**** Raw data
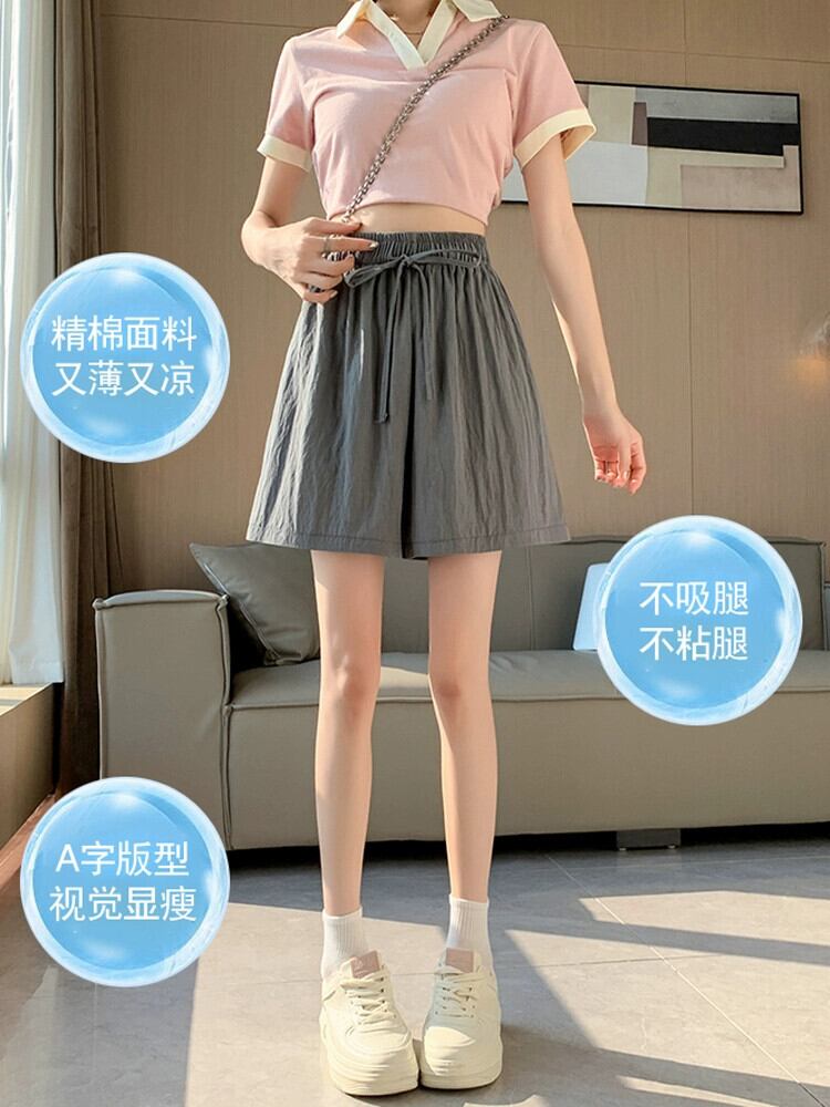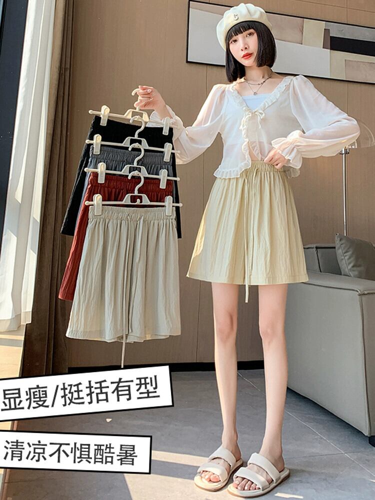 折りたたみアイスシルク 5 点ショーツ女性の 2023 夏の新しいルーズで薄いスタイルのストレート ハイウエスト カジュアル パンツ潮 サマー 夏物 ブルマー 7460035184818165 | framboise21
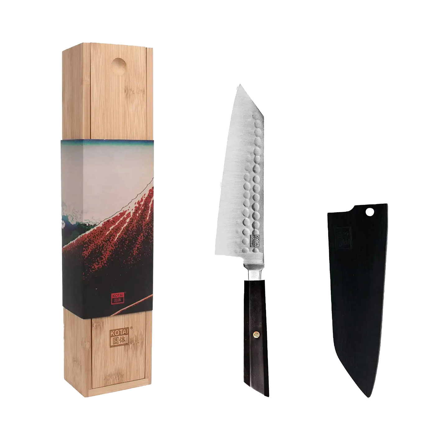 Den hamrede overflaten skaper små luftlommer mellom bladet og maten, noe som reduserer friksjon og hindrer at ingrediensene setter seg fast – en tradisjonell japansk teknikk som kombinerer skjønnhet med funksjon.
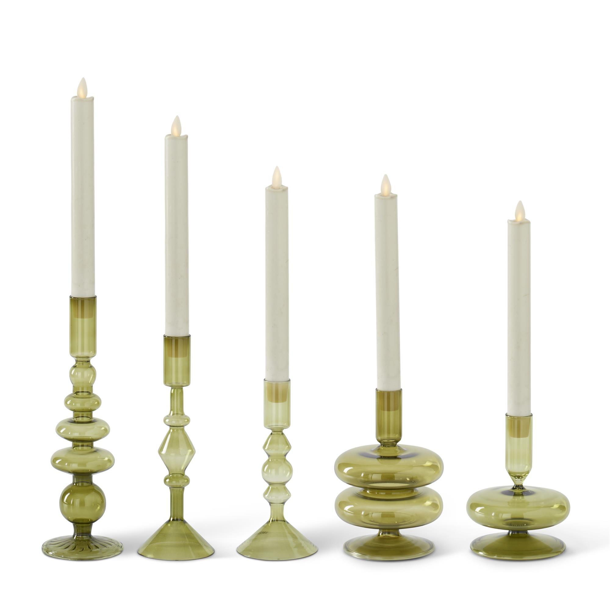 Set of 5 Handmade Green Glass Modern Taper Candleholders
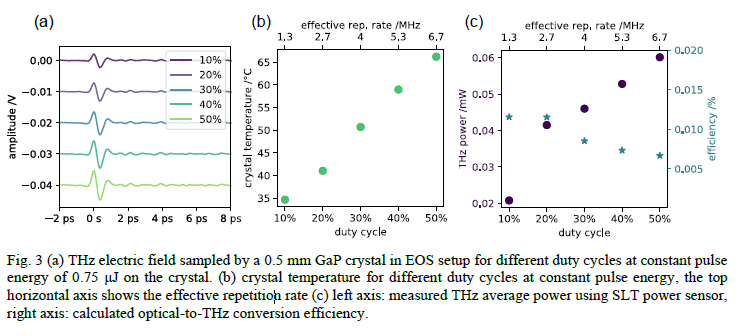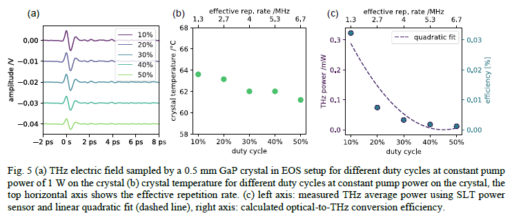 为了研究脉冲能量变化对发射太赫兹功率和转换效率的影响,采用功率传感器代替探测晶体。图5c显示了测量的太赫兹功率与占空比。正如预期的那样,THz平均功率通过降低占空比二次方增加,这对应于更高的晶体泵浦脉冲能量(图5c)。这种对占空比/脉冲能量的二次方关系可以用于低能量状态下的OR(这是一个二阶脉冲内差频率产生过程),类似于报道的GaP和铌酸锂结果。这证实了3.1节中的饱和效应仅仅是由于泵浦功率而不是脉冲能量,说明了在这个高平均功率、高重复率的状态下,主要的限制效应是热效应。这预示着未来将通过进一步改进冷却系统来改进安装,例如主动冷却系统。这也应该允许应用全脉冲序列,而不需要减少激光的占空比。然而,值得强调的是,限制转换效率并导致更高平均功率损害的确切物理机制需要更详细、独立的调查。
********
# Exercise prompt
Copy exactly, and copy nothing else: the lines from the start of the data above through the line that holds "Den hamrede overflaten". The pictures stay out.

# Final answer
 折りたたみアイスシルク 5 点ショーツ女性の 2023 夏の新しいルーズで薄いスタイルのストレート ハイウエスト カジュアル パンツ潮 サマー 夏物 ブルマー 7460035184818165 | framboise21
 Den hamrede overflaten skaper små luftlommer mellom bladet og maten, noe som reduserer friksjon og hindrer at ingrediensene setter seg fast – en tradisjonell japansk teknikk som kombinerer skjønnhet med funksjon.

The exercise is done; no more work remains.